Still waiting for the other shoe
I felt better. But there was someone else to talk to, my immediate supervisor. We'll call him Rick. He's an unflappable dependable work horse. He comes across a little gruff sometimes, but under it all he shows a really caring attitude. Rick has a habit of randomly checking bays to see if I've missed any "outs" (a spot on a shelf where there is a price tag but no product). One day last week he asked, "Did you get this bay?" "Sure did!" Could feel my chest swell with confidence. "So what's this?" He found one I'd missed. So we rounded the corner to another bay. "Get this one?" "You bet! A little less confidently this time. "And this?" I spotted an "out" as big as a bus! He grinned, "Bad day?"
Rick is easy to talk to. I knew I'd get it straight from him. Well, he hadn't heard of my screw-up. Like, Beth, he shrugged it off as something anyone could have done. So I asked, "They'll take the $1,200 out of my salary?" I was hoping they'd do it over time, not all at once. "No, we don't do that", he assured me with a slightly amused look.
What? Home Depot eats the cost of my screw-up? HD becomes a little poorer that I might become a little richer? HD became a fool so I could look good? Apparently, that's the policy. It works too. This is a mistake I'll never make again. Not only have my synapses tightened around the issue, my loyalty to the company shot up a few notches. It's good business practice. Any wonder my store rates first in our district?
Confused about the gospel? Gotta read this!
It's good Gospel too
The Gospel tells us that Jesus who was rich became poor that believers who are poor may become rich. In another place it tells us that He became sin for us that we might become the righteousness of God. This is the grand transaction announced in the gospel. God doesn't charge against us our misdeeds. He's willing to take the consequence upon himself as did Home Depot for me.
Of course every analogy eventually breaks down. Home Depot was out a mere $1,200. My sin cost God the life of his dear Son. No comparison!
More Gospel at Home Depot
This final paragraph is being added over a year after the original was published. A few months ago, the store manager called me to announce that my BIA position would go away. Corporate had decided that my tasks would be done by another team and that my expert services would no longer be needed. But get this. "The job's going away, but you are not. I'm going to do everything I can do to find you suitable employment in this store."

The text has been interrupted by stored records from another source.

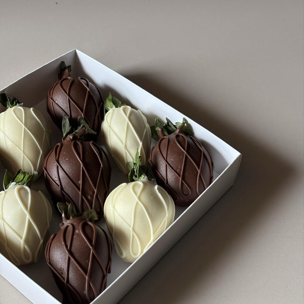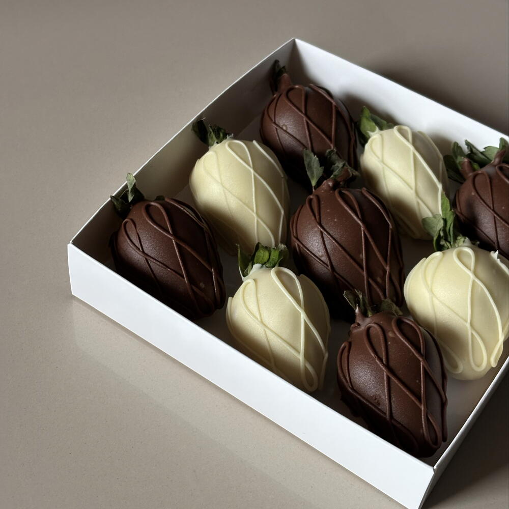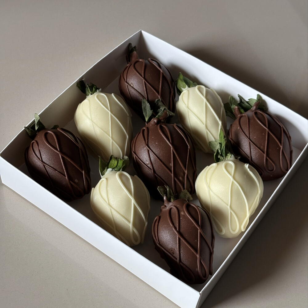 Самый красивый и низкокалорийный десерт. Нежное и праздничное угощение для вашей любимой мамы или девушки. Свежая клубника в шоколаде с натуральным составом, приготовленная из лучших ингредиентов. клубника, белый шоколад (сахар, какао-масло, сухой цельномолочный порошок, сывороточный порошок, эмульгаторы (соевый лецитин, полиглицерол полирицинолеат), соль, ароматизатор.)
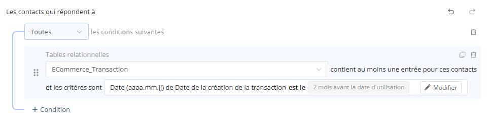 Dans cet exemple, la table utilisée est la table Transaction, une table générée automatiquement lorsqu'on active le E-commerce. On inclut ici tous les contacts qui ont fait un achat dans les 2 derniers mois.
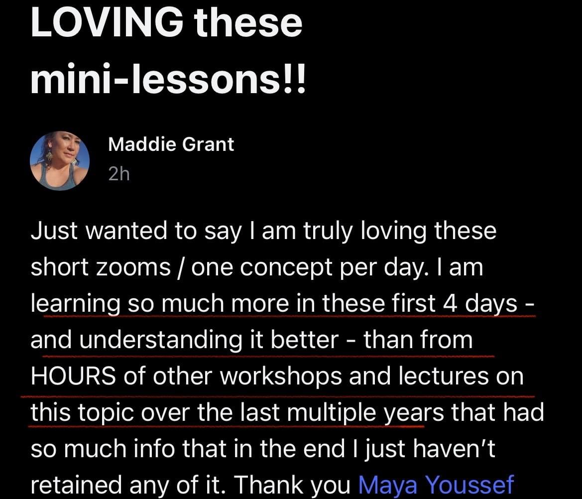 Maya’s teaching style resonated deeply with me because it was very practical and understandable. Maya also has a sparkling, charming personality and her classes are a lot of fun!
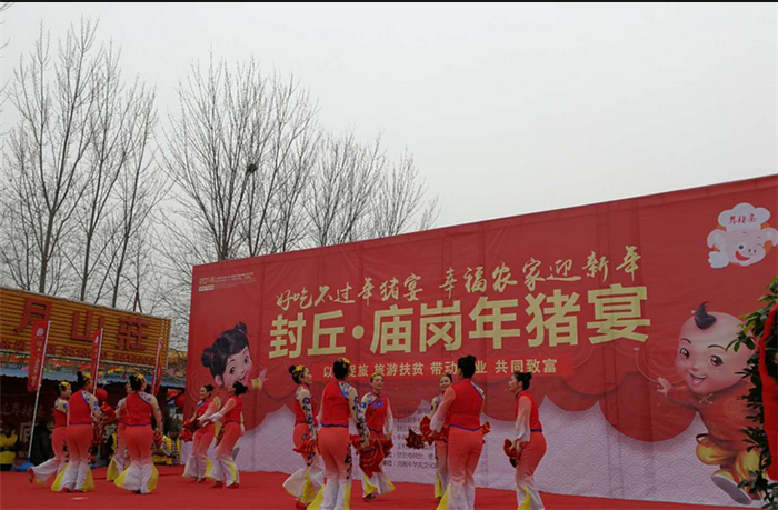 1月24日,封丘縣廟崗村人山人海,熱鬧非凡,首屆封丘廟崗年豬宴在歡快的秧歌舞表演中隆重拉開序幕。本次活動由河南省廣播電視臺新農村頻道
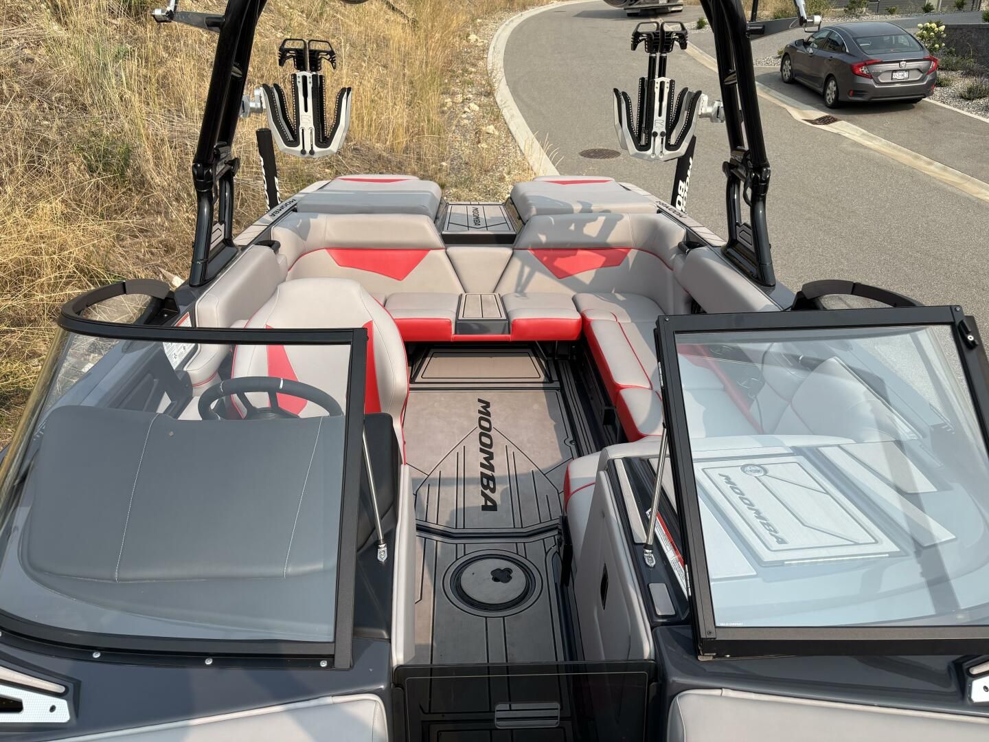 The 2023 Moomba Kaiyen is a striking 21’ surf and wake boat that combines cutting-edge performance with everyday reliability, making it the ideal choice for riders and families alike. Powered by the Indmar Ford Raptor 6.2L V8, it delivers smooth, responsive power, while Moomba’s AutoWake® multi-sensor technology and 3,700 lb G6 ballast system ensure consistent, customizable wakes for every skill level. With the Flow Surf System, the Kaiyen produces long, clean surf waves that can be dialed in for both beginners and seasoned riders.

The store manager showed that he valued me more than the job I did for Home Depot. Of course I was elated and, I have to admit, somewhat surprised. So I've just finished my first week as the voice of Home Depot. If you call on a weekday between 9:00 a.m. and 2:00 p.m., I'll be the friendly voice you hear, "Thank you for calling Home Depot. This is Frank. How may I direct your call?" I have a couple of other jobs up front as well, but this is the one I enjoy, especially when someone who has heard me preach for years calls and is dumbfounded to hear the familiar voice.
So where's the gospel? The Scriptures teach that it is by grace that believers are saved, not by works. There is no performance I can offer that will endear me more to God than I am already in Christ. My manager unwittingly modeled that when he announced, "Your job is going away, but not you."